__About this exercise__. Beneath this task are records; print exactly the stretch of them from the line with "EC-LMR BAe 146-300QT 23/08 Rod Hudson" through the line with "Bee My Valentine", both ends included.

__Records for this task__.
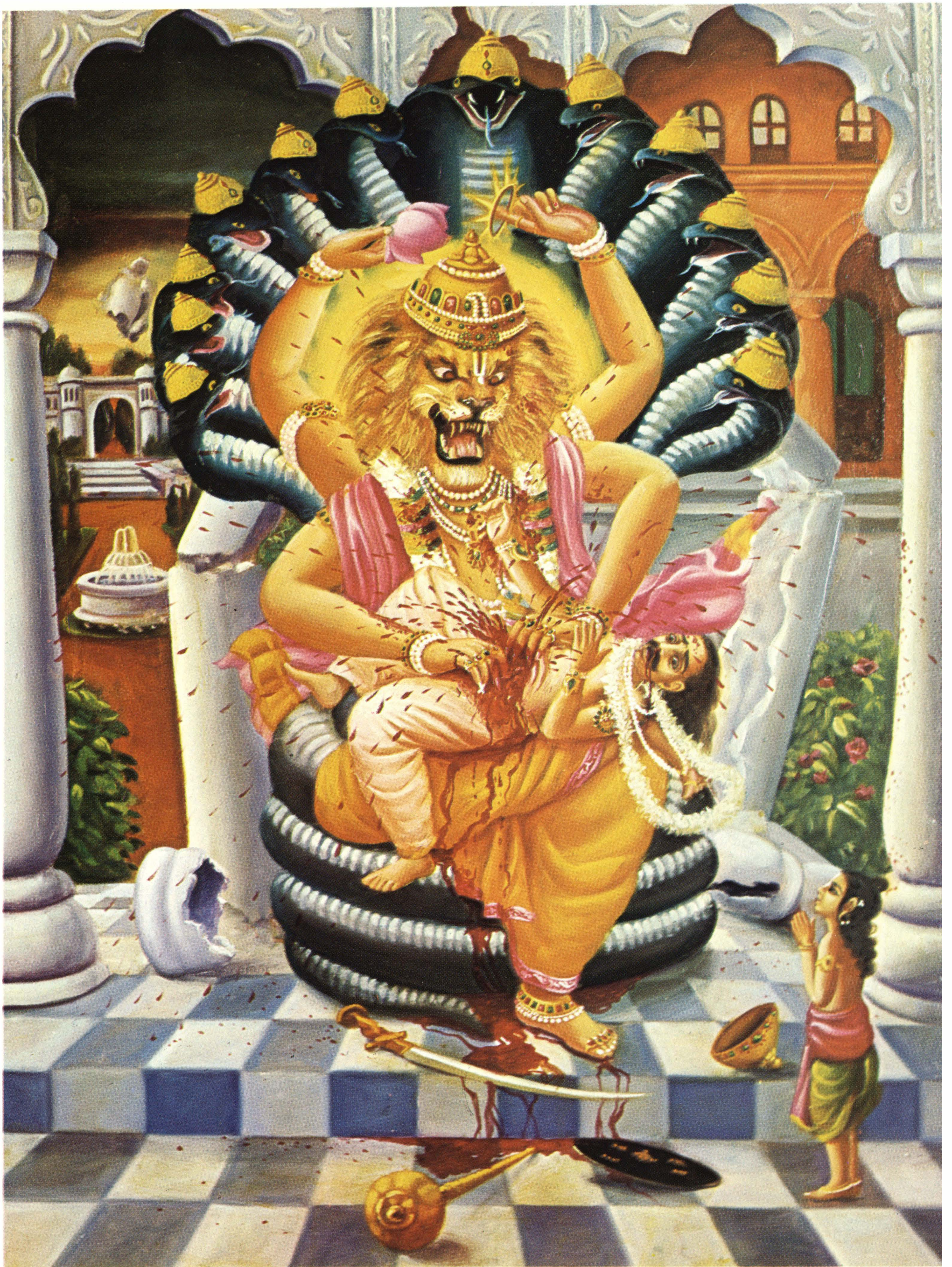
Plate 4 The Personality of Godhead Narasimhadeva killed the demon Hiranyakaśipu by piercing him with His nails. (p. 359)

==

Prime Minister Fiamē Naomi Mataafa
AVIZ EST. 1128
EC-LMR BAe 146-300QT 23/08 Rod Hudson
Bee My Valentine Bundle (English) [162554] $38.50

==

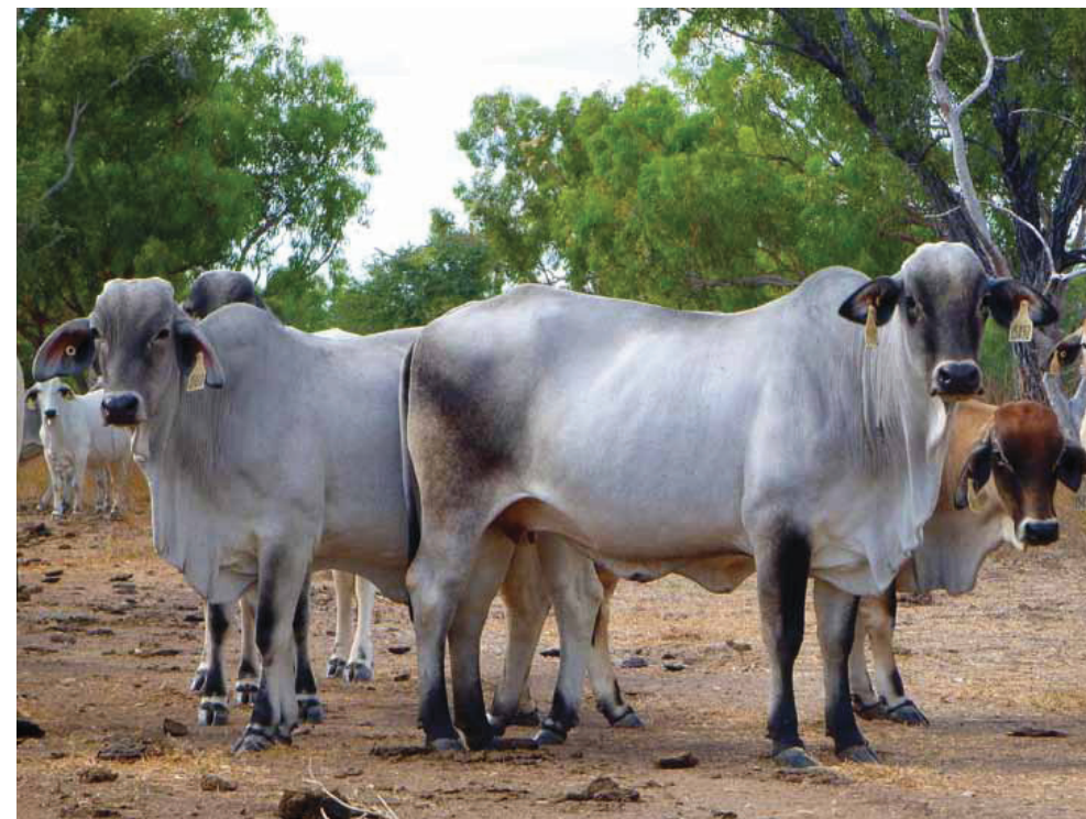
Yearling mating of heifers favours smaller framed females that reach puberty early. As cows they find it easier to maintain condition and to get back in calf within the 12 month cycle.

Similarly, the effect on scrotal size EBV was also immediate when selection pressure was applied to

__Solution for this task__.
EC-LMR BAe 146-300QT 23/08 Rod Hudson
Bee My Valentine Bundle (English) [162554] $38.50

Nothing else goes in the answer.